A recent article in the The New York Times Magazine examines the effects of the 1996 Antiterrorism and Effective Death Penalty Act (AEDPA), which was intended to streamline and shorten capital appeals. Its title summarizes the statute as "The Law That Keeps People on Death Row Despite Flawed Trials." Emily Bazelon opens the article with the story of death-row prison Hector Ayala, who was tried before a jury from which prosecutors excluded all 7 black or Latino jurors. The federal appeals court overturned Ayala's death sentence but in turn was reversed in a 5-4 opinion by the Supreme Court, with Justice Alito saying that habeas corpus judges should intervene only in "extreme" cases.

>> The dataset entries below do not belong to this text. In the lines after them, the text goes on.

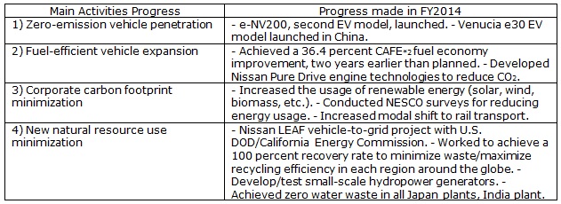 Nissan Green Program 2016 (NGP2016) yields outstanding results in FY2014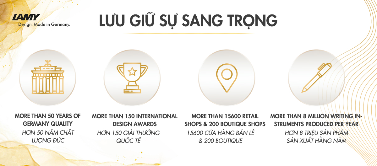 - Đặc biệt là khi có trợ thủ bút LAMY, một cây bút tốt không chỉ nằm ở vẻ ngoài, nét mực, ngòi bút mà còn là sự tỉ mỉ và tinh tế của người thiết kế về kích thước bút chuẩn phù hợp bàn tay người sử dụng để bạn luôn thoải mái sáng tạo, viết lên những những điều tuyệt vời cùng LAMY.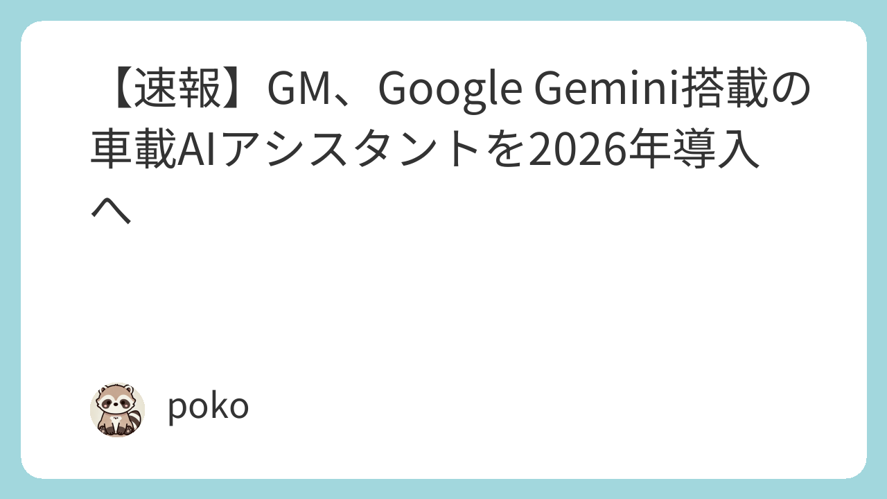 GMは2026年から、Google Geminiを搭載した車載AIアシスタントを車両に導入すると発表した。この生成AI 自動車アシスタントは、より自然な会話能力とパーソナライズされた運転体験を提供する。激化する自動車AI市場において、GMはGoogleとの連携を強化しつつ、ユーザープライバシー保護にも強くコミットする姿勢を示している。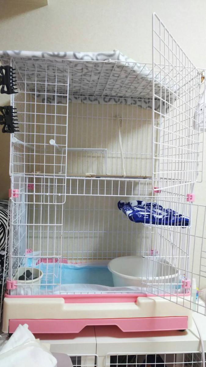 ケージはぷぅが使っていたフタつき1段のものしかないので買い替える予定。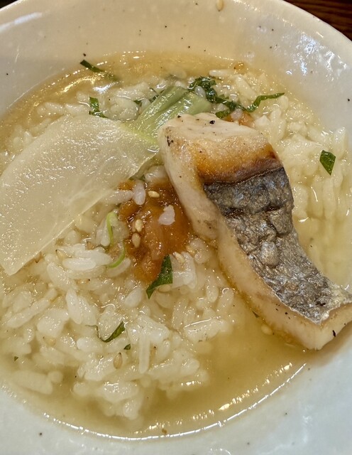 梅しそご飯に蕪と鰆の焼きをのせて塩スープをかけると〆のおじやが完成♪

AEDPA restricts federal review of habeas corpus appeals, limiting federal judges to overturning state courts only when a state court decision is not just wrong, but "was contrary to, or involved an unreasonable application of, clearly established federal law” or “was based on an unreasonable determination of the facts in light of the evidence presented in the state court proceeding." The High Court's interpretation of this language, say Judges Alex Kozinski and Stephen Reinhardt of the U.S. Court of Appeals for the Ninth Circuit in separate articles criticizing the unjust impact of the statute, has often left federal judges powerless to correct constitutional violations, even when the defendant appears to be innocent. Bazelon highlights the consequences of this judicial abstentionism on innocence cases, such as when Troy Davis was denied a new trial by the federal courts and was executed despite presenting evidence that "7 of the 9 eyewitnesses who testified against [him] at trial had recanted, and new witnesses implicated someone else." The Davis case produced a now-famous statement by Justice Scalia that habeas corpus is not available to prevent the execution of an innocent person if he was fairly convicted. A 2007 study showed that rather than hastening appeals, the average time courts spend on habeas cases has actually increased since the law went into effect. Instead, the law has become, in the words of Cornell law professor John Blume, a vehicle for “agenda-driven judicial policy-making.”